Meta AI Unlocks Hundreds of Millions of Proteins To Aid Drug Discovery (wsj.com) 11

Facebook parent company Meta Platforms has created a tool to predict the structure of hundreds of millions of proteins using artificial intelligence. Researchers say it promises to deepen scientists' understanding of biology, and perhaps speed the discovery of new drugs. From a report: Meta's research arm, Meta AI, used the new AI-based computer program known as ESMFold to create a public database of 617 million predicted proteins. Proteins are the building blocks of life and of many medicines, required for the function of tissues, organs and cells. Drugs based on proteins are used to treat heart disease, certain cancers and HIV, among other illnesses, and many pharmaceutical companies have begun to pursue new drugs with artificial intelligence. Using AI to predict protein structures is expected to not only boost the effectiveness of existing drugs and drug candidates but also help discover molecules that could treat diseases whose cures have remained elusive.
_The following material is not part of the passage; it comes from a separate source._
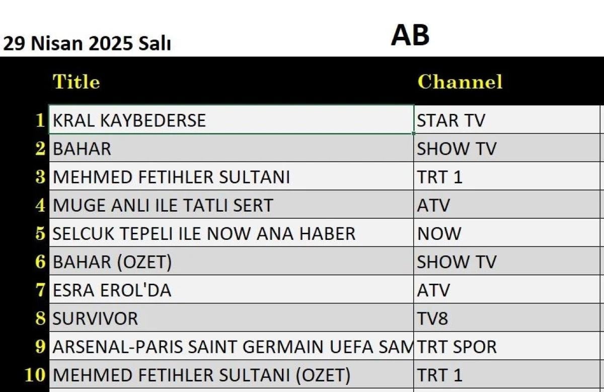 AB grubunda ise zirveyi Kral Kaybederse kaptı. İkinci sıraya Bahar dizisi, üçüncü sıraya ise Mehmed Fetihler Sultanı yerleşti.

With ESMFold, Meta is squaring off against another protein-prediction computer model known as AlphaFold from DeepMind Technologies, a subsidiary of Google parent Alphabet. AlphaFold said last year that its database has 214 million predicted proteins that could help accelerate drug discovery. Meta says ESMFold is 60 times faster than AlphaFold, but less accurate. The ESMFold database is larger because it made predictions from genetic sequences that hadn't been studied previously. Predicting a protein's structure can help scientists understand its biological function, according to Alexander Rives, co-author of a study published Thursday in the journal Science and a research scientist at Meta AI. Meta had previously released the paper describing ESMFold in November 2022 on a preprint server.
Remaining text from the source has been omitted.